The density of iron is 8 times larger than the density of water. An iron block has weight 800 N when it is weighed in air. When the block is weighed when completely submerged in water, the apparent weight is...
The answer is 700 N but I don't know how this is determined.

Homework Equations

Apparent weight is equal to mg minus Fb
Fb = ρfgVf

The Attempt at a Solution

Apparent weight = 800N - Fb
Fb = x(9.8)Vf
Density of iron is 8x

 

[Chestermiller]

Homework Statement

The density of iron is 8 times larger than the density of water. An iron block has weight 800 N when it is weighed in air. When the block is weighed when completely submerged in water, the apparent weight is...
The answer is 700 N but I don't know how this is determined.

Homework Equations

Apparent weight is equal to mg minus Fb
Fb = ρfgVf

The Attempt at a Solution

Apparent weight = 800N - Fb
Fb = x(9.8)Vf
Density of iron is 8x

If the block has a weight of 800 N, what is its mass? From this result, if its density is ρ_B, what is its volume? If it is totally submerged in water, with this volume, what is the buoyant force on the block (given that the density of water is 1/8 of ρ_B)?

 

[Aoiumi]

800N = m (9.8 m/s^2)
m = 81.6 kg

If Density of iron: ρ = m/v
ρ = 81.6 / v

How do I express ρ?

 

[gabriel.dac]

Water is more dense than air, so it will push the block up.
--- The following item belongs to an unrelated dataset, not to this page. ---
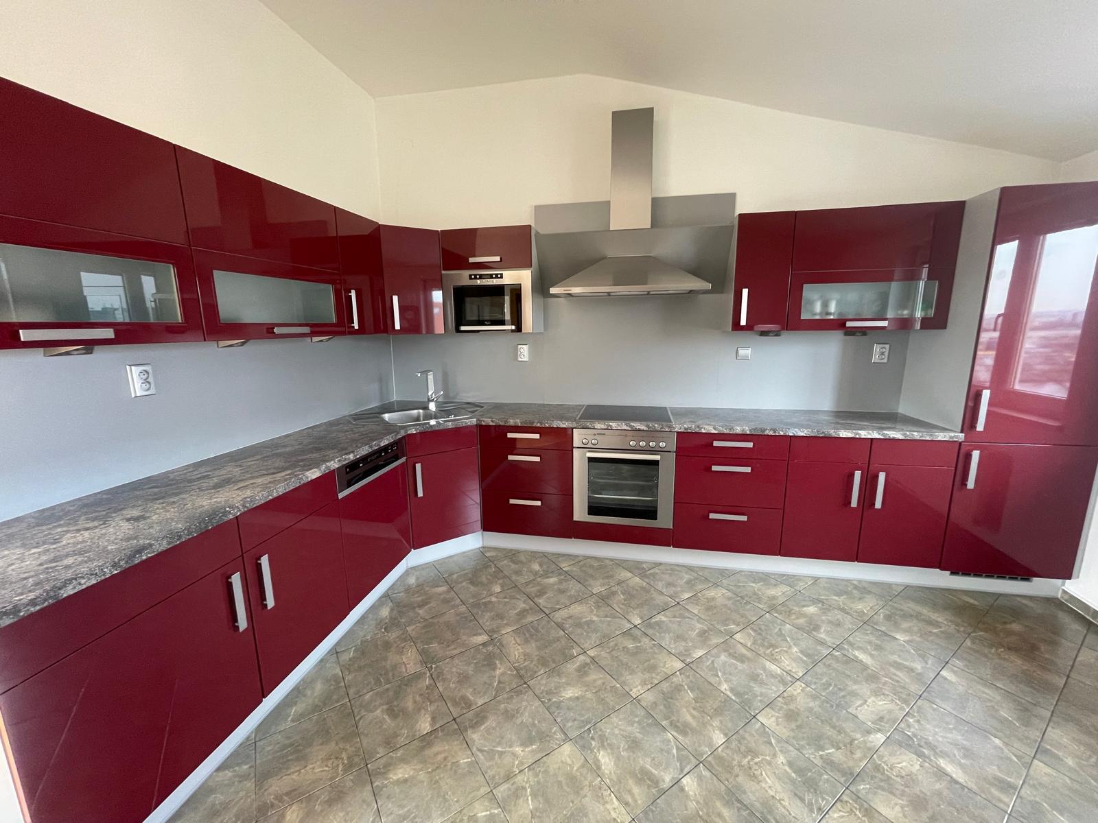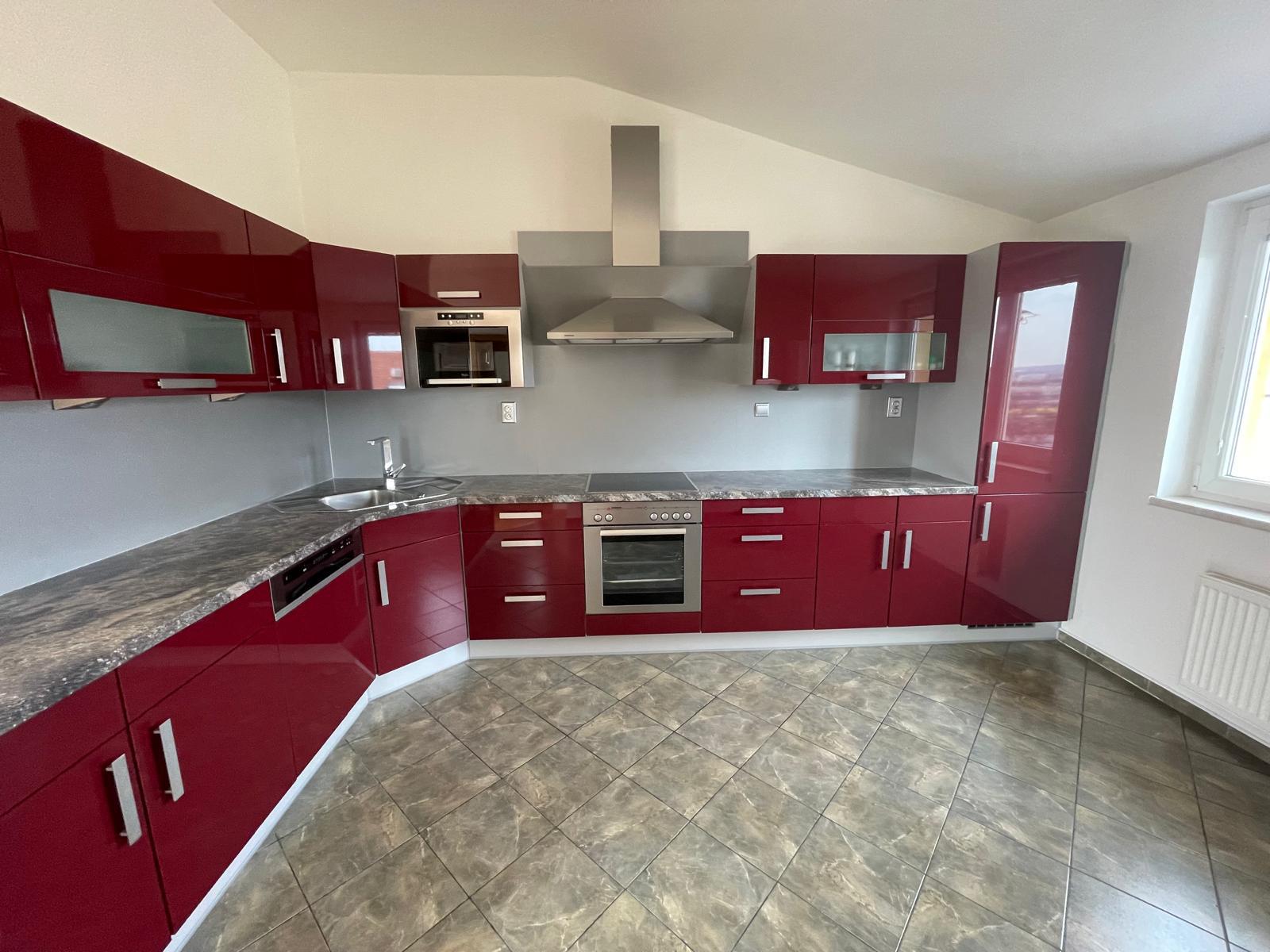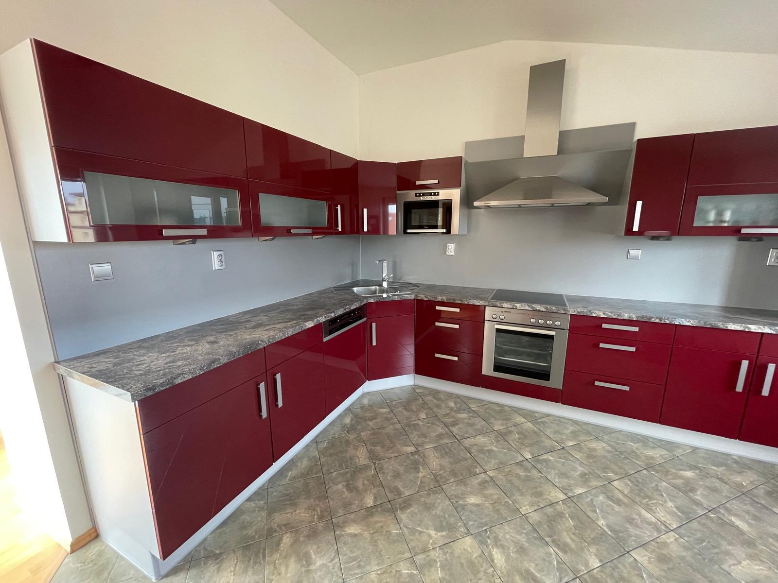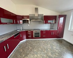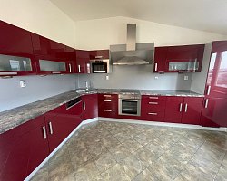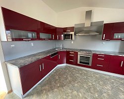 Moderní červená kuchyň v lesku se všemi spotřebiči.

It will seems the block will weigh less. But I think that how deep the block is in the water matters too. It's apparent weight will be different in the bottom of a pool and in the bottom of the ocean. I'm not really sure though

 

[nasu]

You don't need to find the mass explicitly.
You wrote a formula for Fb.
Write a similar one for the weight of the block (W).
And compare the two. You know W. You can easily find Fb and then the apparent weight.

 

[Chestermiller]

800N = m (9.8 m/s^2)
m = 81.6 kg

If Density of iron: ρ = m/v
ρ = 81.6 / v

How do I express ρ?

You just leave it algebraic. v = 81.6/ρ_B
This is the volume of the block, so the buoyant force exerted by the water on the block is:
F=9.8 ρ_Wv=(81.6)(9.8)\frac{ρ_W}{ρ_B}=800\frac{ρ_W}{ρ_B}
Does that make sense?

 

[Aoiumi]

That makes sense. Thank you!